I find speech.zone easy to use and navigate: 4.5
Thank-you. If there is anything you would like to improve in general about the site, post on the Requests forum.
I find the forums on speech.zone useful: 4.4
Also good – please keep using them!
The lecturers (Simon, Catherine, and Rebekkah) are helpful: 4.6 (no ratings below 3 ;5 responses of 3; the rest 4 or 5)
Thank-you for the positive feedback. We very much appreciate that.
The tutors (Jason, and Jason) are helpful: 4.1
Thank-you from the tutors.
The difficulty of the SIGNALS tutorial material is appropriate (1 – too easy, 3- just right, 5 – too hard): 3.8 (with only one response below 3 and all others 3, 4, or 5)

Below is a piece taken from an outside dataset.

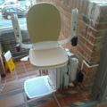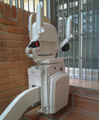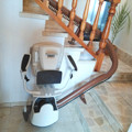Esta silla transporta al usuario desde la planta baja hasta la primera planta de la casa. Cuenta con las mejores medidas de seguridad, como cinturón de seguridad retráctil y sensores que detienen la maquina cuando encuentran algún obstáculo.
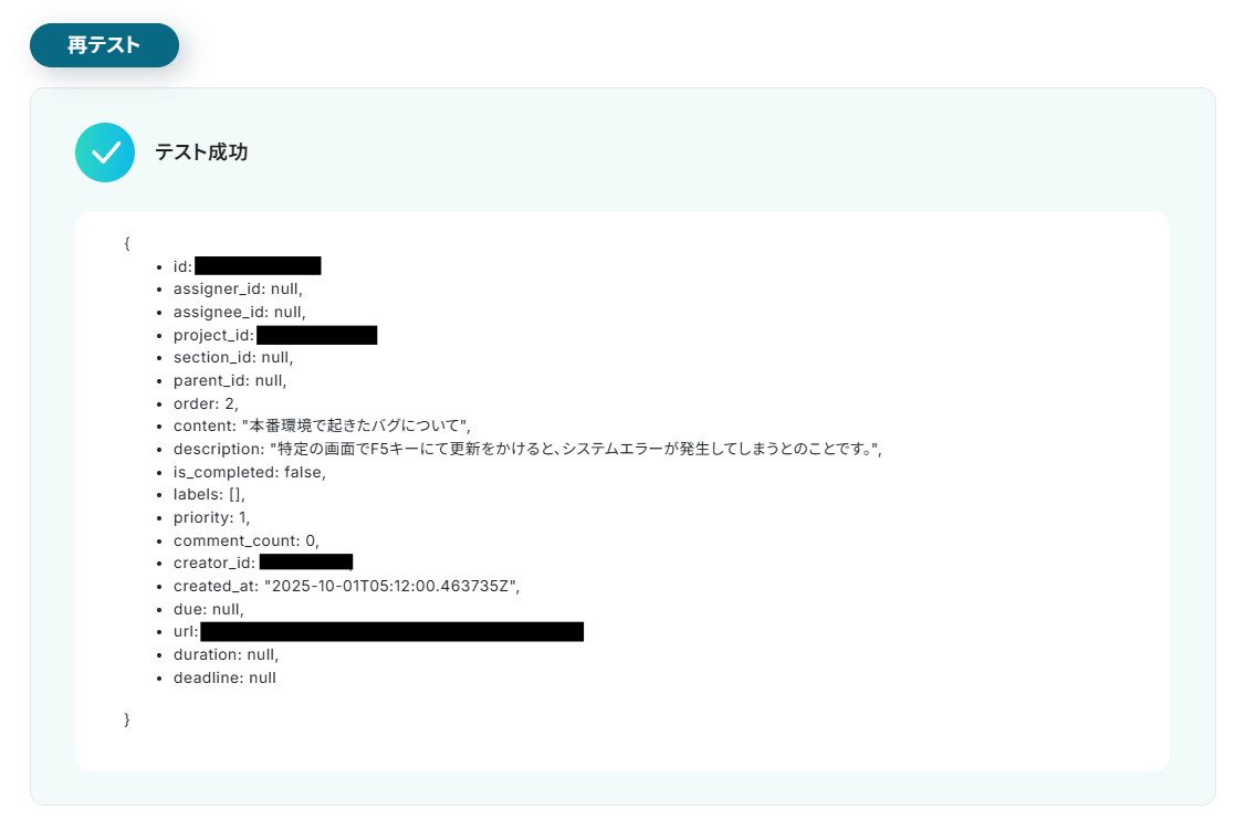 - Todoistのタスク作成アクションでも同様に、プロジェクトやタスクのコンテンツなどの各フィールドに、Google スプレッドシートの値を引用して自由に設定できます

The best way for us to improve the course is to experiment a little each year. This material (new for this year) was designed to be challenging. It ended up a little more challenging than intended. We will be keeping this material in the course, but we will divide each notebook into levels of difficulty to make it clearer what is essential and what is optional.

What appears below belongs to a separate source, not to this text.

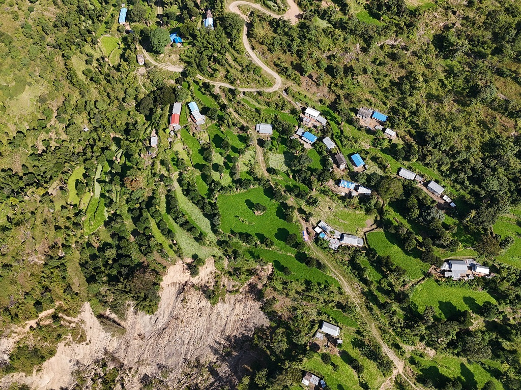 रामेछाप । गाउँमा पहिरो चल्यो, यो बर्षको तिहार त्यति राम्रो छैन् । जमिन फाँटिदो र सर्दो छ, त्यहि जमिन माथि चर्किएर लड्न ठिक्क परेको घर ..

The difficulty of the PHON tutorial material is appropriate (1 – too easy, 3- just right, 5 – too hard): 3.0 (with a spread of scores right across the range).
This area is where a few students will have a strong background and other no background at all. The wide spread of scores surprised us. In future, we will try to make this material more accessible for students without any background.
I would like a weekly timetabled lecture for the remaining modules (1-strongly disagree, 5-strongly agree): 3.4 (with 8 people rating below 3 and all others 3,4 or 5)
General positive feeling towards this, but not overwhelming. We have responded to this by providing a pre-recorded class video at the start of each week, then going over that same material in a live format on Tuesdays. The live class will be recorded, so attendance is not required for those who cannot make it.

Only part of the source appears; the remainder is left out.